● Provided data
BEGIN

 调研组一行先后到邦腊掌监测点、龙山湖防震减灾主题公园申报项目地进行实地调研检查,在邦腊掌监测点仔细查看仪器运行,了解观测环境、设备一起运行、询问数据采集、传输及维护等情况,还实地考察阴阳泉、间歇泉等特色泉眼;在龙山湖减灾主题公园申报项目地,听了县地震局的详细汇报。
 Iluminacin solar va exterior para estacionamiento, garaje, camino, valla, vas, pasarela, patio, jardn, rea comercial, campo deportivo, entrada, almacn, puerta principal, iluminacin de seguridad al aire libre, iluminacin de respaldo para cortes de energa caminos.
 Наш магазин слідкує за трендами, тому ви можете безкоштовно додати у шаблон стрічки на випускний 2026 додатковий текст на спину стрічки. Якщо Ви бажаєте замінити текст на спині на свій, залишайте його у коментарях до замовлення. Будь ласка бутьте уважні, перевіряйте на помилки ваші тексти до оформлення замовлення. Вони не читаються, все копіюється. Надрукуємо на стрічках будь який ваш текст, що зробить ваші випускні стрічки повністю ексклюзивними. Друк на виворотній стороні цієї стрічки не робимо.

END
BEGIN

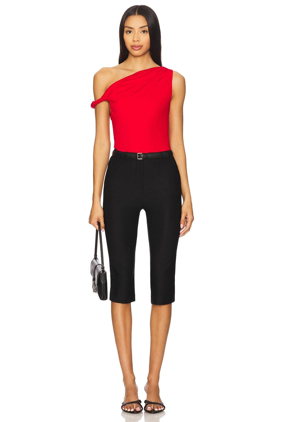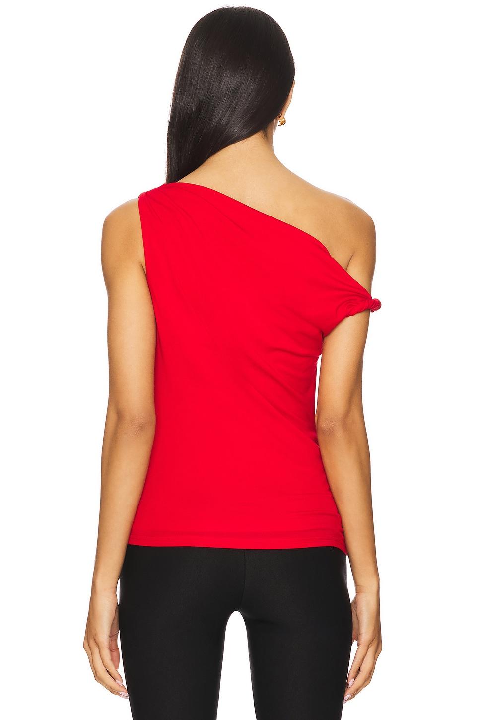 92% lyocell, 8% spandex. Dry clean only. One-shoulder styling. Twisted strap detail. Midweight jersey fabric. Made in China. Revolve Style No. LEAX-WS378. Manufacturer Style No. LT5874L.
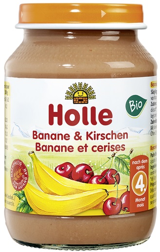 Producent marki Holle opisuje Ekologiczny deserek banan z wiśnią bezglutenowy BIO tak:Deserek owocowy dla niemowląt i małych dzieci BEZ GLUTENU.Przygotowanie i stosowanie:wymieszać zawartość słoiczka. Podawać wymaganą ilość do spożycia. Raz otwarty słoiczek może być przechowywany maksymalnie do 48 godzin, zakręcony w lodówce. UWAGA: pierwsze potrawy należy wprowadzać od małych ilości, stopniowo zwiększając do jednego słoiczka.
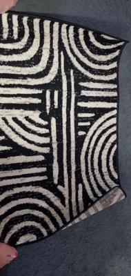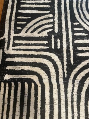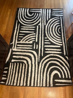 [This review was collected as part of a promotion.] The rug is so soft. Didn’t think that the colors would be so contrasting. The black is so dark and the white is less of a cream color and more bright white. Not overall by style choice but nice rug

END
BEGIN

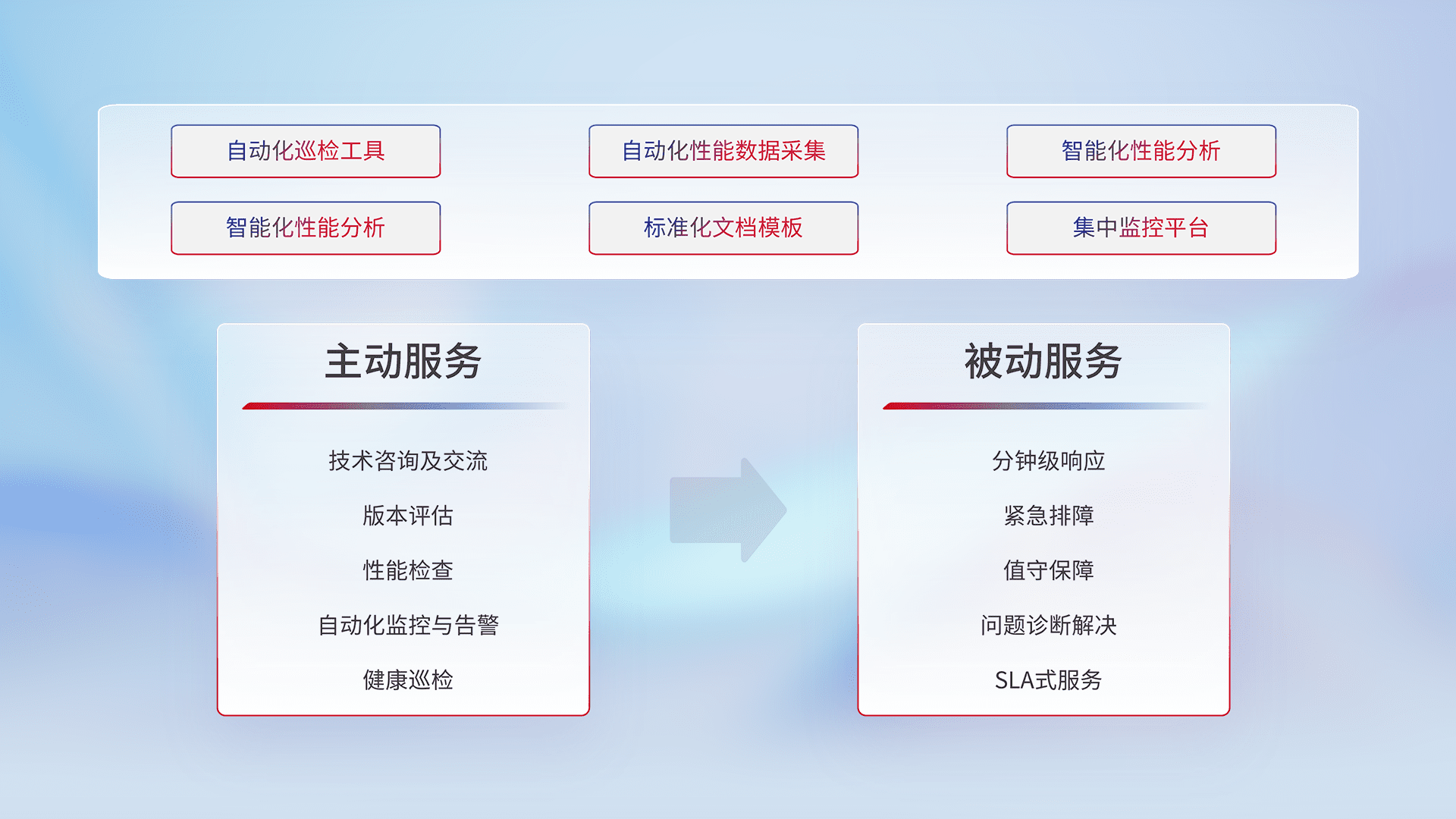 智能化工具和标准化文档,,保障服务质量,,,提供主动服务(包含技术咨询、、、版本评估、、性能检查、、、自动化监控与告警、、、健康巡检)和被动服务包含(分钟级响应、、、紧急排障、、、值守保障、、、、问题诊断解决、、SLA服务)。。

END

● What you are asked to do
Of the records above, print only the lines from the one containing "Producent marki Holle" through the one containing "[This review was", inclusive and unaltered, leaving out pictures.

● Task response
 Producent marki Holle opisuje Ekologiczny deserek banan z wiśnią bezglutenowy BIO tak:Deserek owocowy dla niemowląt i małych dzieci BEZ GLUTENU.Przygotowanie i stosowanie:wymieszać zawartość słoiczka. Podawać wymaganą ilość do spożycia. Raz otwarty słoiczek może być przechowywany maksymalnie do 48 godzin, zakręcony w lodówce. UWAGA: pierwsze potrawy należy wprowadzać od małych ilości, stopniowo zwiększając do jednego słoiczka.
 [This review was collected as part of a promotion.] The rug is so soft. Didn’t think that the colors would be so contrasting. The black is so dark and the white is less of a cream color and more bright white. Not overall by style choice but nice rug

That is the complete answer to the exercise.